Jerome Siegel, director of the University of California at Los Angeles’s Center for Sleep Research, explained that this suggests that sleep may not be environmental or cultural, but “central to the physiology of humans” living in the tropical latitudes where our species evolved.

“The short sleep in these populations challenges the belief that sleep has been greatly reduced in the ‘modern world,’ ” Siegel said. “This has important implications for the idea that we need to take sleeping pills because sleep has been reduced from its ‘natural level’ by the widespread use of electricity, TV, the Internet and so on.”

Our ideas about napping may need some revision, too.

Scientists have long documented that people have a tendency to “crash” in the mid-afternoon. Some have speculated that’s because we are suppressing an innate need for siesta. The new study provides evidence that this is unlikely.
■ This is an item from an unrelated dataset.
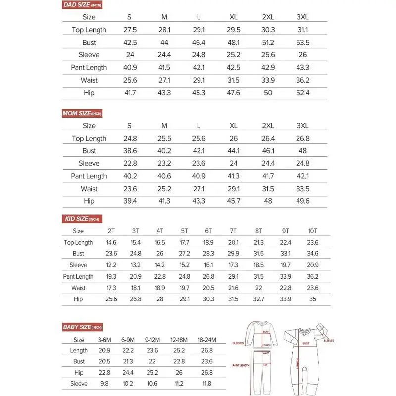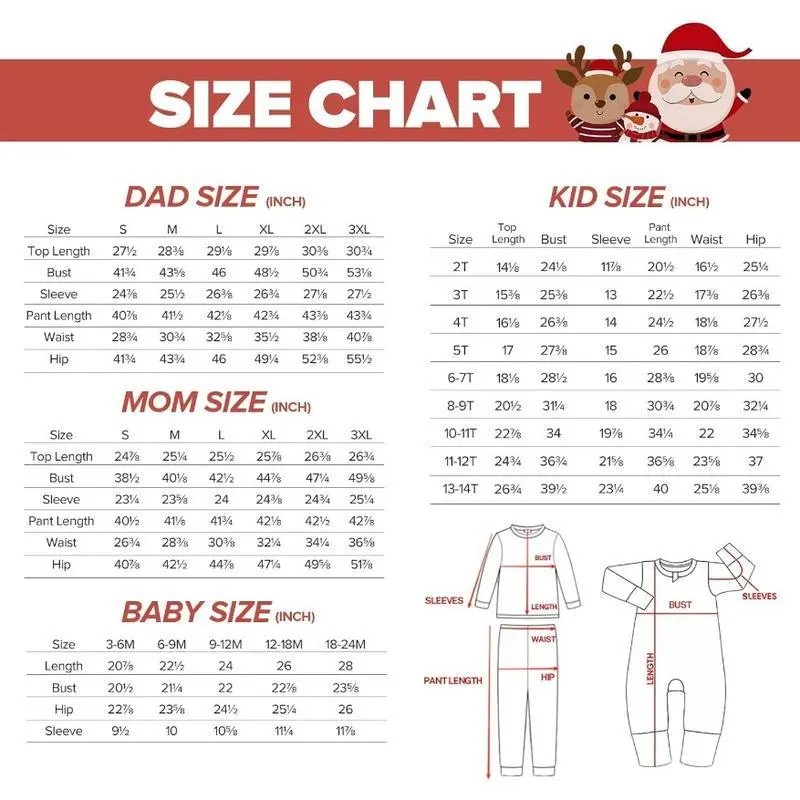 Whimsical Holiday Designs & Cherished Moments Create unforgettable memories with our Christmas-themed family pajama set, featuring playful prints like Santa Claus, reindeers, and snowflakes. Perfect for decorating the tree, sipping hot cocoa by the fire, or opening gifts on Christmas morning, these coordinating pajamas turn every holiday moment into a photo-worthy celebration . The vibrant, fade-resistant patterns capture the spirit of the season while ensuring your family stands out in festive photos. Complete Family Sizing for Every Member Available in sizes from newborn to adult, our matching sets include options for mom, dad, kids, and toddlers. The stretchy fabric accommodates growing children and provides a relaxed fit for adults, ensuring everyone feels comfortable and festive . Mix and match styles or opt for identical designs—the choice is yours to create a unified holiday look.
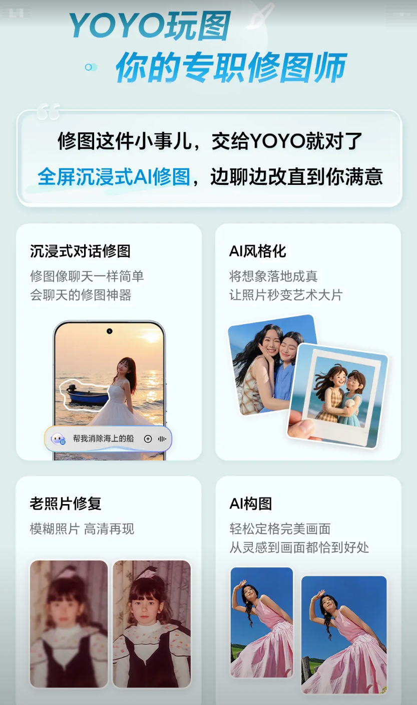 真的绝了!荣耀现在基本上一个月就会有一次比较大的更新,会新增很多功能。 比如8月份更新了AI通话助理、YOYO的视频通话、AI构图等等功能。 最重要的是不只有旗舰手机和新手机会更新,基本上近两三年发布的手机都会升级。

The data from the San in Namibia, for instance, shows no afternoon naps during 210 days of recording in the winter and 10 naps in 364 days in the summer. The findings were similar for the other two tribes.

Another fascinating finding from the study had to do with the circadian rhythms related to sunlight. Instead of going to sleep right at dusk, the hunter-gatherers were sleeping an average of 2.5 and 4.4 hours after sunset — well after darkness had fallen.

All three tribes had small fires going but the light itself was much lower than you might get from your average 60 watt bulb. They did, however, have a tendency to wake around sunrise — an hour before or an hour after depending on the season and the group.

Siegel and his co-authors investigated this further by looking into the role of temperature and found that temperature may play a big role. “(S)leep in both the winter and summer occurred during the period of decreasing ambient temperature and that wake onset occurred near the nadir of the daily temperature rhythm,” they wrote.

It should be noted that the tribespeople studied are different from your average American in a number of respects.

Importantly, very few of the hunter-gatherers suffer from chronic insomnia. It isn’t even a word in their languages.

In interviews with the researchers conducted through translators, 1.5 to 2.5 per cent of the study subjects said they had sleep onset or sleep maintenance problems more than once a year, which is far lower than the 10 to 30 per cent documented in many countries today.

The hunter-gatherers are also much healthier. Not a single one is obese, and they also tend to have lower blood pressure, better heart conditions and higher levels of physical fitness.

Thus comes a critical question. If we can’t blame the lack of sleep as causing our obesity, mood disorders and the like could it be that the reason we feel so unrested is because of poor health?